"Tradycyjna kampania to marnowanie pieniędzy". Wyrachowana gra wyborcza?

"Tradycyjna kampania to marnowanie pieniędzy". Wyrachowana gra wyborcza?

Dodano:   /  Zmieniono: 
"Tradycyjna kampania to marnowanie pieniędzy". Wyrachowana gra wyborcza?, fot. sxc.huŹródło:FreeImages.com
Zamiast na kampanię wyborczą, pieniądze przeznaczają na obiady dla biednych uczniów, domy dziecka i operacje dla potrzebujących. - Tradycyjna kampania to marnowanie pieniędzy.
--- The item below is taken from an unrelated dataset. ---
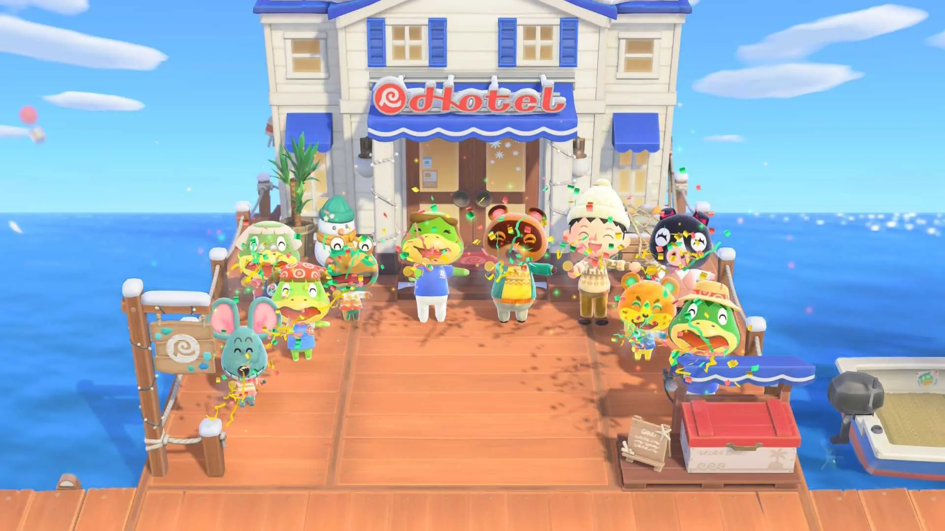 Un extra bastante curioso del Hotel es que los visitantes que le alojan en él podrán aparecer dando una vuelta por nuestro pueblo. Como van cambiando con frecuencia, es de agradecer toparnos con caras nuevas cada vez que damos un paseo. Dicho Hotel recuerda un poco al DLC 'Happy Home Paradise', aunque más sencillo.
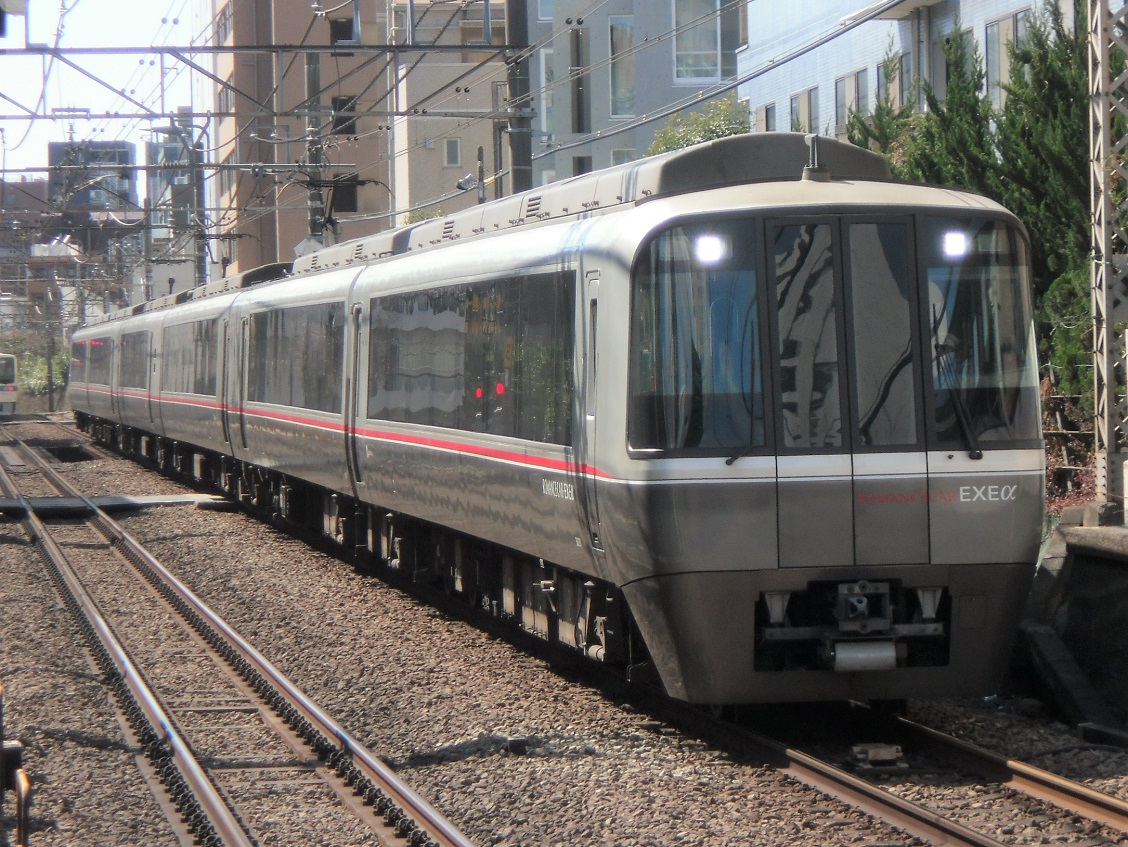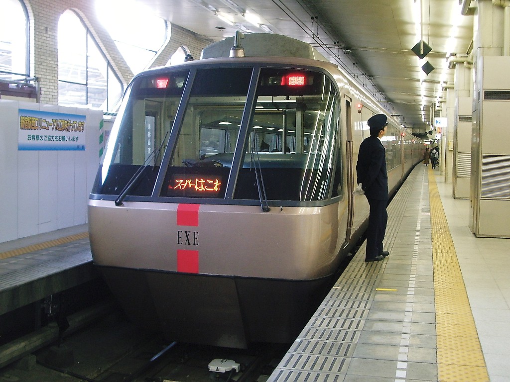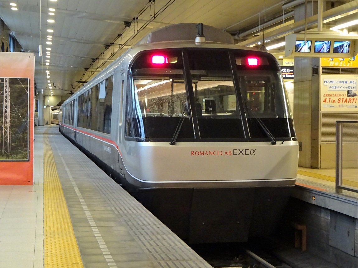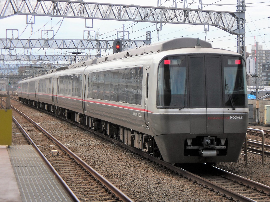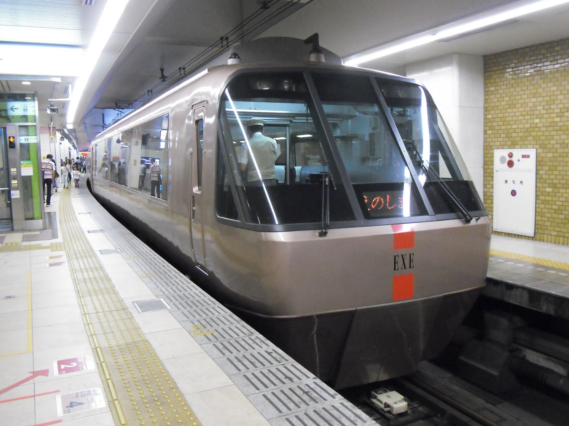 | 目つきの楽しいロマンスカーNSEを置き換えるために登場した形式。愛称は「EXE」。「Excellent Express」の略称です。その愛称の通りさまざまな運転用途に対応しており、中でも分割運用をこなす事が出来るのが大きく、「さがみ/えのしま」といった特急などもEXEを使って運用されています。 その他、先代の20000形RSEと同様、連接構造と展望席設置は見送られています。最も、運転席越しに景色は綺麗に見ることができるのですが、展望列車で売っていた小田急にとってはちょっと地味な存在と言えるかもしれません。ただ、特急の柔軟な運用には欠かせない存在なので、最も多く在籍しているロマンスカーで、江ノ島線の特急などをこの車両が支えているのは言うまでもありません。 上写真は新宿にて。 |

Zamiast jednego bilbordu wyborczego można kupić 630 obiadów w szkole - wylicza Agnieszka Wojciechowska van Heukelom walcząca o fotel prezydenta Łodzi z list Kongresu Nowej Prawicy.

Wojciechowska van Heukelom podkreśla także, że aby dać przykład swoim konkurentom podaruje jednej ze szkół 2 tys. złotych, które miała wydać na swój plakat wyborczy.

Piotr Gulczyński, który chce zostać radnym Kalisza pieniądze, które zebrał na kampanię wpłacił na rzecz 10-letniej Oliwii, zmagającej się z białaczką.

- Uznałem, że zrobię w ten sposób lepszy użytek z tych pieniędzy. Kampania zaśmieca miasto, a ta dziewczynka po prostu potrzebuje pomocy - podkreśla kandydat Stowarzyszenia "Samorządny Kalisz", który na rzecz dziewczynki wpłacił 5 tys. złotych.

Trudno wierzyć w szczerość intencji dobroczyńców, jeżeli o swoich gestach informują na specjalnie zorganizowanej konferencji prasowej albo podkreśla ją w czasie wywiadu.

- Nie chcę jednoznacznie oceniać szczerości działań tych osób, ale może być tak, że za tymi pięknymi gestami stoi zwykły interes polityczny. Jeżeli ktoś przekaże środki na zbożny cel może liczyć na atencję mediów. A to z kolei podnosi jego popularność, czyli de facto jest kampanią - mówi prof. Piotr Pawełczyk, specjalista ds. wizerunku politycznego z Uniwersytetu im. Adama Mickiewicza w Poznaniu.